Let's use it here to read the CSV file:

In [None]:
aws18_df = pd.read_csv(aws18_datafile)

### Already easier than Excel! Now let's take a look at the data:

In [None]:
# what does the top of this dataframe object look like?
aws18_df.head()

In [None]:
# What about the end?
aws18_df.tail()

### Easy!

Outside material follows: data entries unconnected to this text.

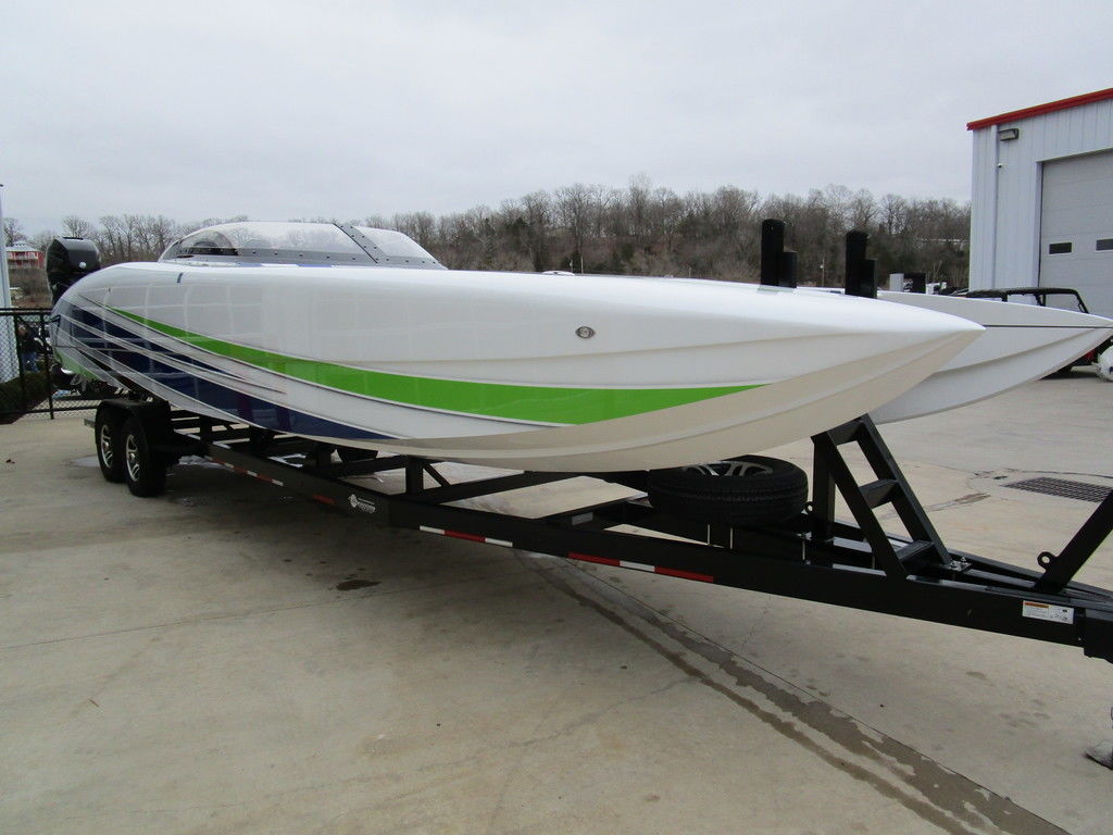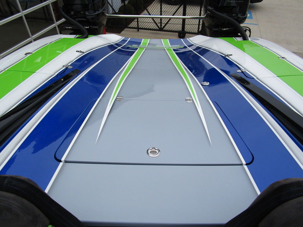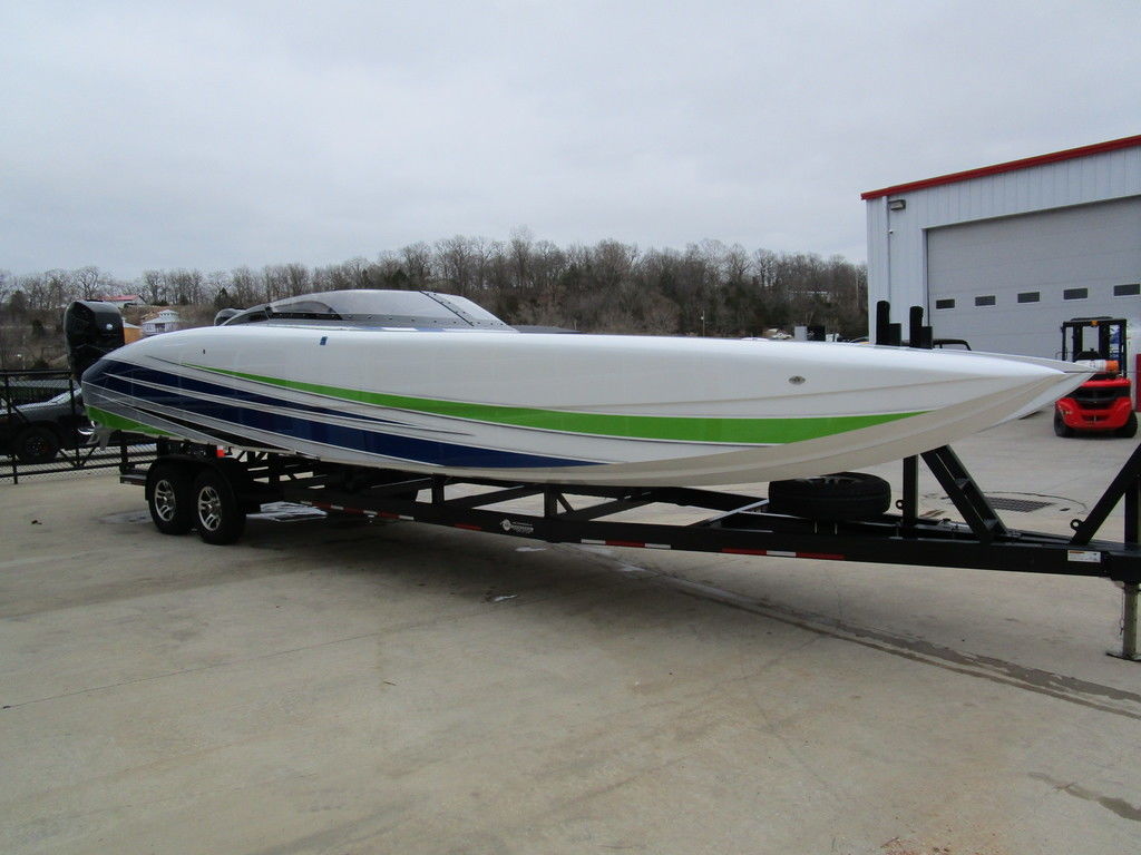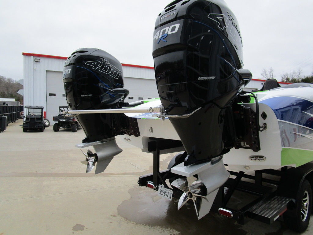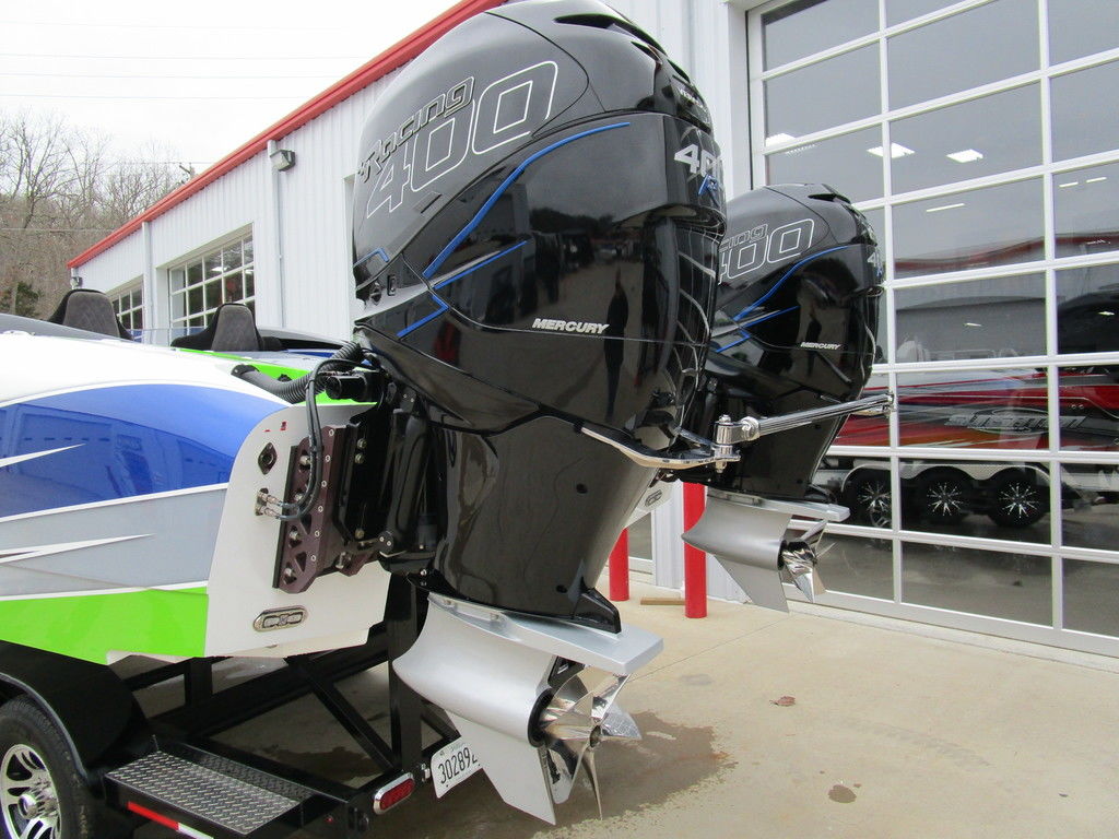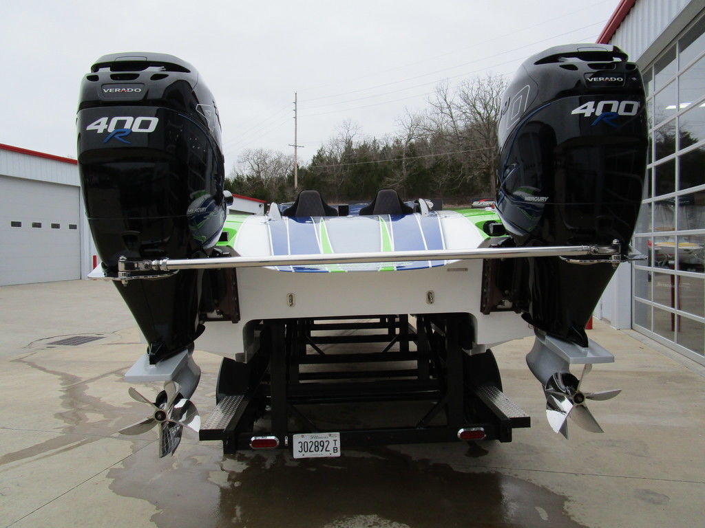 2017 Doug Wright 32 powered by twin Mercury Racing 400R Verado with 43 hours, Mercury 15x35 cleaver props, underwater LED lights, DTS controls, Garmin 7612 touchscreen GPS chartplotter, Vessel view, Fusion stereo, electric battery switches on dash, Isotta steering wheel with tilt helm, Sea Deck flooring, cockpit cover, and Manning tandem axle trailer included. Trades considered, financing and transportation available.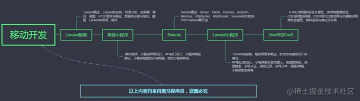 - **后端工程师方向:**熟练掌握PHP后端开发技术,新浪一样的门户网站,淘宝这样的商城系统,斗鱼这种视频直播系统等等;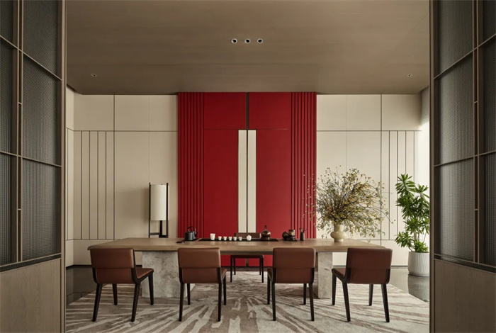 宴会厅和茶室经由推拉门隔断,互不打扰,彼此共生。茶室用中国红作为空间的基础色调,无需冗杂的装饰,便足以展现空间的雅致。

How about we generate some basic summary information for the data:

In [None]:
aws18_df.describe()

### But what about those "..." columns?

For extra wide datasets, we need to tell pandas to show us all the data, if that's what we want:

In [None]:
pd.set_option('display.max_columns', None)
aws18_df.describe()

From here on out, we'll get all columns!

### We can also call matplotlib's plot function to get a quick look at the data

Here, we've imported matplotlib as `plt`, so we can call its plot function as follows:

In [None]:
plt.plot(aws18_df['TTT [°C] (at 2m height)'])

## What are conditions like when melt is happening?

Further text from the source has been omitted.